00 4/7/2010 6:58 PM
In Francia
Velo islamico sì, velo islamico no? Il Belgio ha rotto gli indugi e ha sfidato l'Islam. I deputati belgi hanno infatti aperto la via all'interdizione totale del velo integrale. Tra qualche giorno il parlamento dovrà pronunciarsi definitivamente in merito e se la norma sarà approvata burqa e niqab saranno fuori legge in tutti i luoghi pubblici, comprese strade e scuole. Se questo dovesse succedere il Belgio sarebbe il primo Paese europeo a impedire alla donne di portare il velo islamico nei luoghi pubblici come giardinetti, parchi, campi sportivi, locali della pubblica amministrazione, ristoranti e supermercati. La presa di posizione del Belgio fa già discutere e la Commissione europea ha già messo le mani avanti per una possibile violazione della libertà personale. I deputati di Bruxelles hanno motivato la loro decisione con due argomenti. Il primo riguarda la sicurezza e prevede che ogni persona debba essere idintificabile, il secondo si rifà alla dignità della donna e al rispetto dei principi democratici fondamentali. Di parere opposto è la vicepresidente dell'Esecutivo dei musulmani del Belgio, Isabelle Praille: «Portare il velo islamico fa parte della libertà degli individui e questo comportamento è garantito dal diritto belga, europeo, internazionale e dai diritti dell'Uomo. Oggi è il vel islamico, domani sarà il turbante dei sikh e dopo sarà forse il turno della minigonna».

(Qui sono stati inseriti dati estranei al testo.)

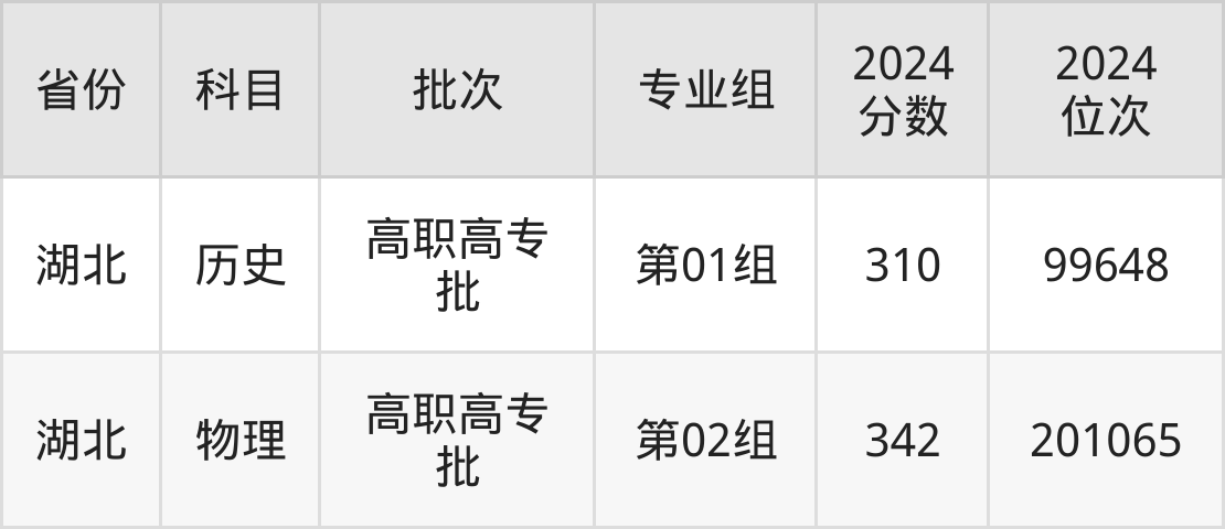 2024年荆门通用航空职业技术学院全国录取分数线是310分到342分,录取最低在湖北历史类(第01组)、录取最高在湖北物理类(第02组)。各省各专业组最低分具有差异,详情如下: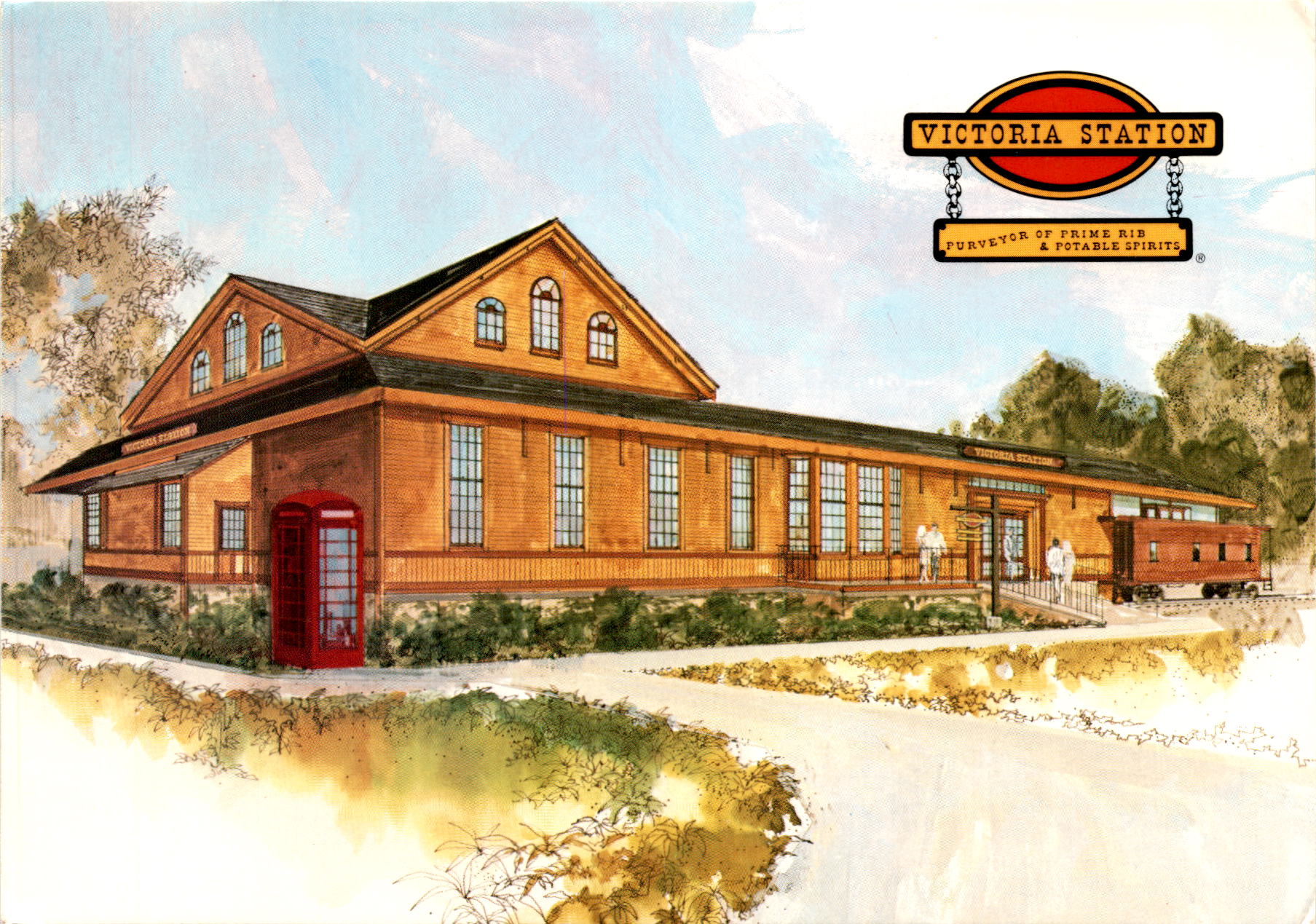 Victoria Station restaurant chain prime rib potable spirits United Postcard

In Francia il Consiglio di Stato ha bocciato recentemente l'idea del governo di introdurre un divieto di indossare ovunque il velo islamico integrale. I giudici amministrativi d'Oltralpe non sono entrati nel merito della scelta dell'esecutivo ma si sono limitati a evidenziare gli ostacoli di natura giuridica ad un tale provvedimento. Vietare il burqa in «qualsiasi spazio pubblico» potrebbe essere oggetto di contestazioni «di ordine costituzionale e rispetto alla convenzione europea dei diritti umani e delle libertà fondamentali». Secondo il Consiglio di Stato francese spetta al "prefetto" prescrivere il divieto solo per ragioni di sicurezza e identificazione limitandosi ai seguenti luoghi pubblici: «Tribunali, seggi elettorali, comuni, scuole, ospedali e università o qualsiasi luogo in cui si viene sottoposti ad un esame».

Secondo alcuni analisti vietare il velo è un metodo che funziona, che può agevolare l'integrazione sociale e religiosa, piò velocizzare l'adattamento degli immigrati agli usi e costimi del luogo in cui si trovano ad abitare. A questo punto però gli interrogativi sono molteplici.